While this is a potential for FUTURE employment opportunity, such high-tech jobs will not generate mass employment. And unless we focus on OWNERSHIP CREATION, 0ur scientists, engineers, and executive managers, who are not owners themselves, except for those in the highest employed positions, will continue to be encouraged to work to destroy employment by making the capital owner more productive. How much employment can be destroyed by substituting machines for people is a measure of their success––always focused on producing at the lowest cost. Only the people who already own productive capital will continue to be the beneficiaries of their work, as they systematically concentrate more and more capital ownership in their stationary 1 percent ranks. Yet the 1 percent are not the people who do the overwhelming consuming. The result is the consumer populous is not able to get the money to buy the products and services produced as a result of substituting machines for people. And yet you can’t have mass production without mass human consumption. It is the exponential disassociation of production and consumption that is the problem in the United States economy, and the reason that ordinary citizens must gain access to productive capital ownership to improve their economic well-being.

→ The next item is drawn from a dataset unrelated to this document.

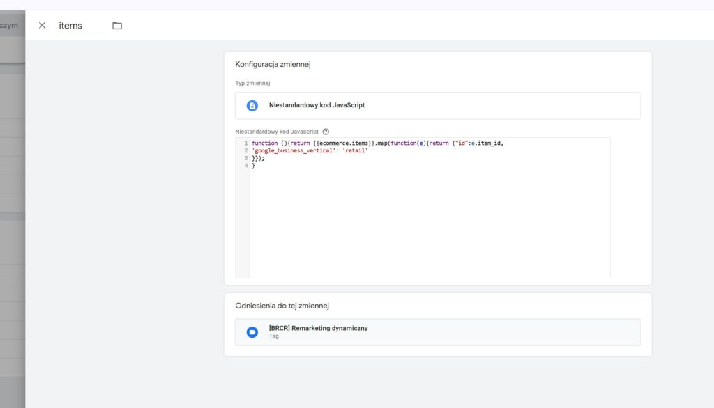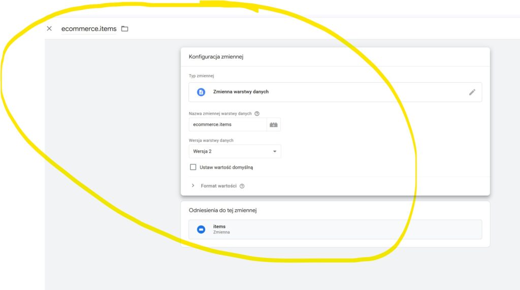 3.Następnie zmienną ecommerce.items – zmienna warstw danych ecommerce.items

This is why it is ABSOLUTELY CRITICAL that Americans WAKE UP and realize that the FUTURE is one of technological unemployment no matter how many high-tech jobs are created. Private sector job creation in numbers that match the pool of people willing and able to work is constantly being eroded by physical productive capital’s ever increasing role.
This is the NEW REALITY! The obvious, logical solution is for people to OWN THE MACHINES and non-human means of production that result from technology.

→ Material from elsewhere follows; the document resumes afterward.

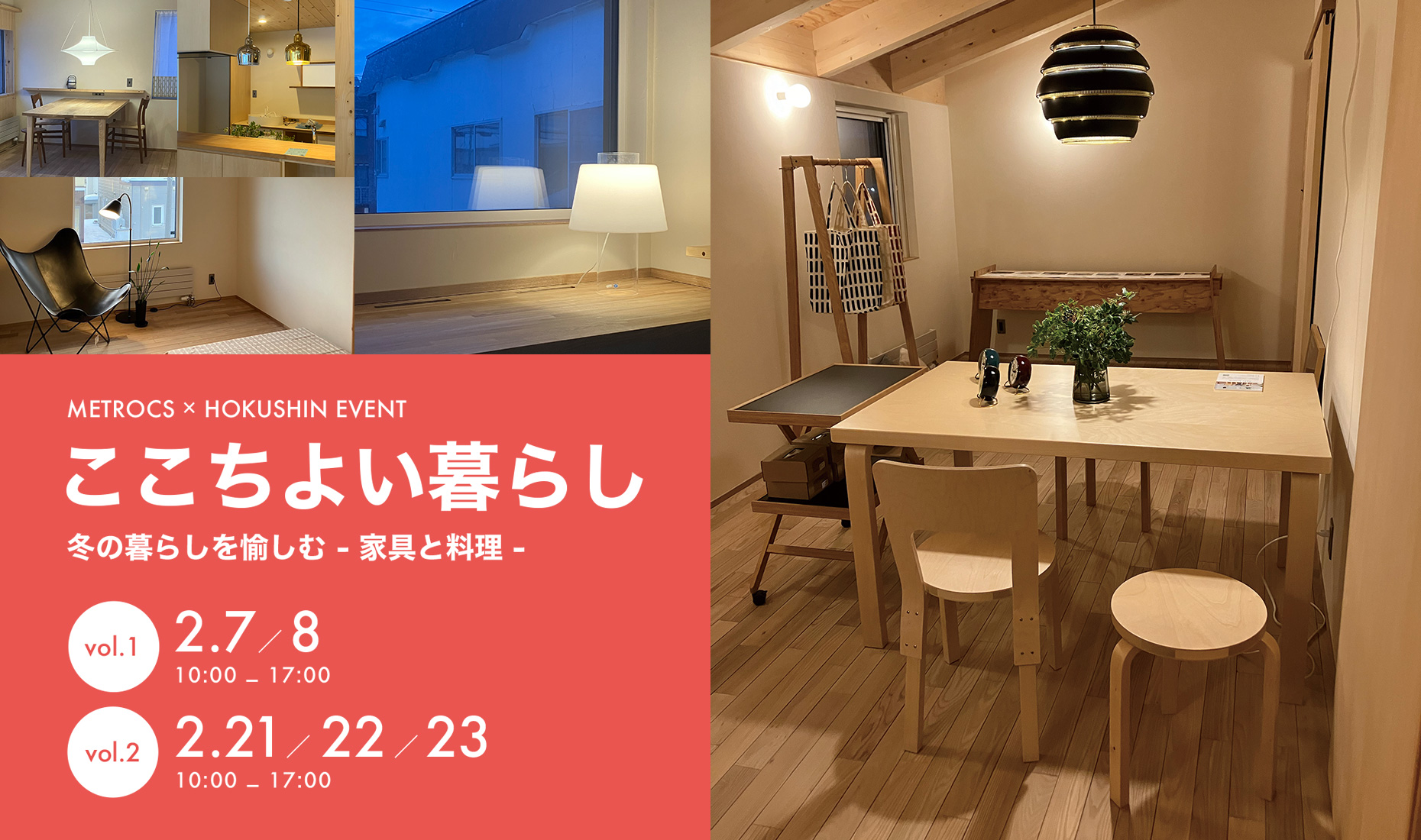 「ここちよい暮らし -冬の暮らしを愉しむ-」をテーマにメトロクス札幌は家具や照明、小物などを揃えて2月の週末に2回開催いたします。

This new reality is the result of technological innovation and invention, tectonic shifts in the technologies of production, and an obsolute union movement stuck in job creation and “more pay for less work” instead of bargaining for employee ownership. Result: no or significantly reduced opportunity for income.

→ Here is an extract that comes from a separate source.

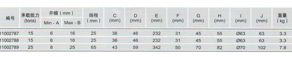 液壓擴張器參數:

This can be accomplished by appling the logic of corporate finance, which is self-financing and asset-backed credit for productive uses to grow the economy. People invest in capital ownership on the basis that the investment will pay for itself.
The solution is not a focus on JOB CREATION but a focus on OWNERSHIP CREATION whereby EVERY American can acquire private, individual ownership in FUTURE income-producing productive capital investment without the need to limit the financing to past savings and/or requiring workers to reduce their consumption incomes to become owners.
There is a solution. The Just Third Way Master Plan for America’s future is published at http://foreconomicjustice.org/?p=5797.
The fundamental economic solution is to create income for EVERY American by simultaneously broadening private, individual ownership of FUTURE productive capital economic growth and fully paying the profit dividends to the new American owners of the income-producing capital assets of our corporations.